Eric Volkman, The Motley Fool

Not for the first time this earnings season, tonight's trading is being driven in large part by quarterly corporate results. And once again, the entities publishing those results are mostly tech stocks

The techies weren't the only ones reporting, though -- we also got the latest digits for a prominent consumer goods company. Meanwhile, across the Pacific, there's late-breaking news of a sizable acquisition in the Asian e-commerce space.

Alibaba's big deal

The chunky tech sector buy that's buzzing around the market tonight is Alibaba's (NYSE: BABA) purchase of NetEase's (NASDAQ: NTES) Kaola e-commerce unit. The price is roughly $2 billion, according to a NetEase press release on the purchase. The press release didn't provide particulars about the arrangement, including whether it will be paid in cash, stock, or a mix of both.

Kaola is a cross-border sales platform that allows consumers in mainland China to buy Western products online. In the press release, NetEase wrote that Alibaba intends for the brand to continue to operate independently, albeit under a new CEO, Alvin Liu.

That wasn't the only arrangement made by the two Chinese tech companies. Alibaba, in collaboration with that country's Yunfeng Capital, has also agreed to invest around $700 million in NetEase Cloud Music service. NetEase said it will continue to be the controlling shareholder in the service, although it did not provide details of what Alibaba's equity participation might be. It also did not specify by which means it would be paid.

Alibaba hasn't yet made a public statement on either deal. In the press release, the seller said that as far as it's concerned, "The completion of this strategic transaction will allow NetEase to focus on its growth strategy, investing in markets that allow us to best leverage our competitive advantages."

Alibaba, already a 300-pound gorilla on the Asian e-commerce scene, will grow even larger with Kaola, and with the other deal, it's deepening involvement in a high-potential market for online music.

In spite of the big move, the stocks of both Alibaba and NetEase are essentially trading flat this evening.

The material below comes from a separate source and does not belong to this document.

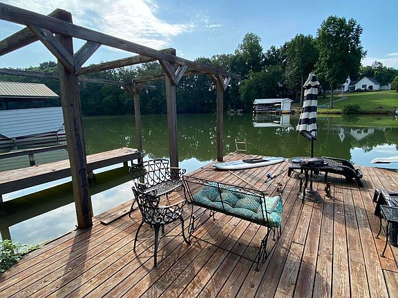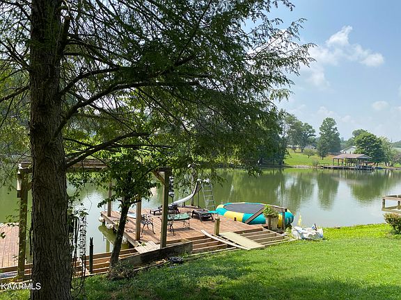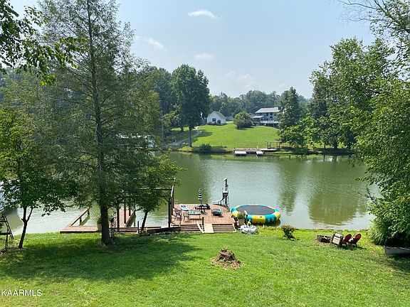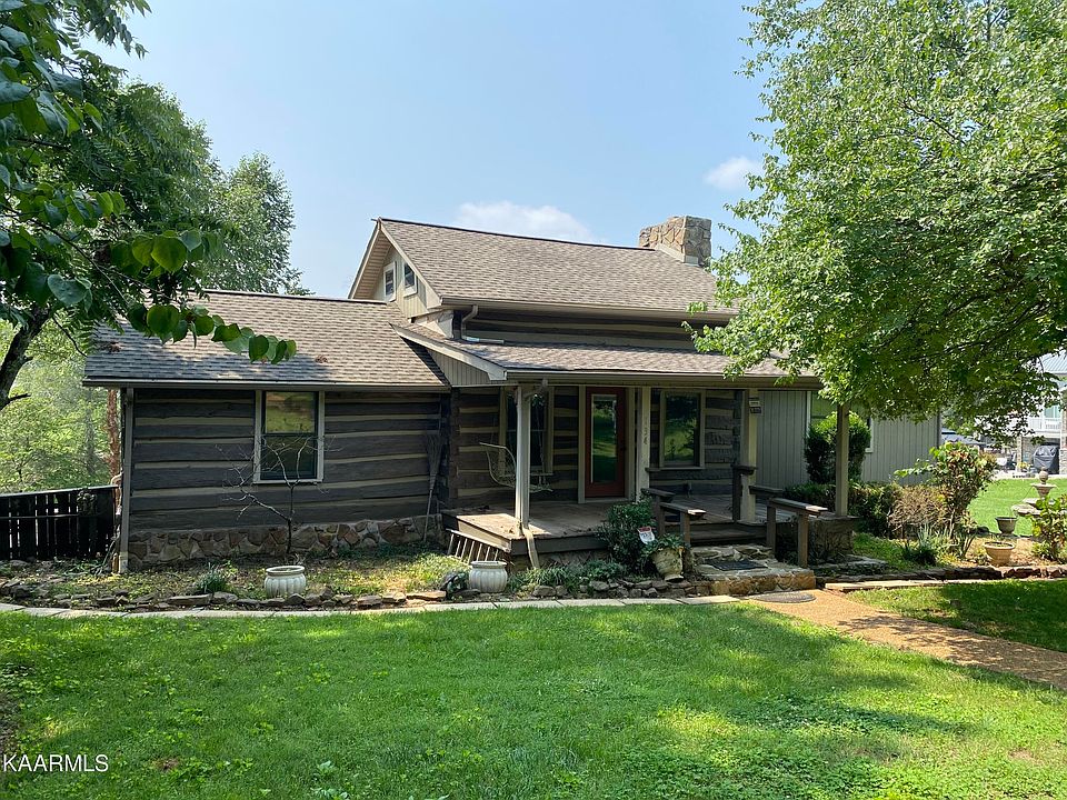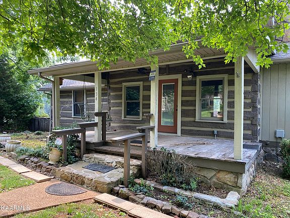 This unique lakefront home on beautiful Tellico Lake combines history with rare features indoor and out, including 96 feet of shoreline on a deep-water cove. The original home was built with historic hand-hewn logs from two Coker Creek cabins for an authentic cabin feel. As you enter the home, a large stone fireplace greets you before you walk through the eat-in kitchen and out onto your deck that overlooks the lake. The spacious addition, built only a few years later, includes a living room with vaulted ceiling and built-in entertainment center, and a dining or reading nook with wall-to-wall windows for you to enjoy stunning lake views. Flex spaces downstairs could be used as extra den, expansive dressing room, or additional storage. Gorgeous stone arches draped in grape vines open up to an easy slope down to the lake and your large dock. There is also a detached 4-car garage with small hair salon that could be converted to an office or man cave. This property is one-of-a-kind and is ready for your personal touches. No one on the lake will have a home like yours!

Joggers wearing Lululemon clothes.

Image source: Lululemon Athletica.

Lululemon notches comfortable Q2 beats

lululemon athletica (NASDAQ: LULU) is a post-market star thanks to better-than-expected Q2 of fiscal 2019 results, which the athleisurewear specialist delivered after the closing bell.

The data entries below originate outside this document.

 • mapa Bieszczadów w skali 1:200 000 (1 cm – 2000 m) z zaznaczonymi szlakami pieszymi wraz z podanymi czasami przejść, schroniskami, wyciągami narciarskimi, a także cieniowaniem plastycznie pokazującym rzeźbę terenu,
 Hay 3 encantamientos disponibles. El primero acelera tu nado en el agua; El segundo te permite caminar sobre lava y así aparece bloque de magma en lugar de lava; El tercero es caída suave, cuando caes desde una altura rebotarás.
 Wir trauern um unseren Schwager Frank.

Revenue for the quarter was just over $883 million, a 22% improvement on a year-over-year basis. That was on the back of comparable store and direct-to-consumer sales that rose 15% combined. Net profit saw a higher increase, rising 31% to almost $125 million ($0.96 per share).

Lululemon saw particularly good growth in men's clothing, a category it hasn't necessarily been associated with over the years. What also helped was the significantly higher number of stores in which customers could pick up goods they ordered online.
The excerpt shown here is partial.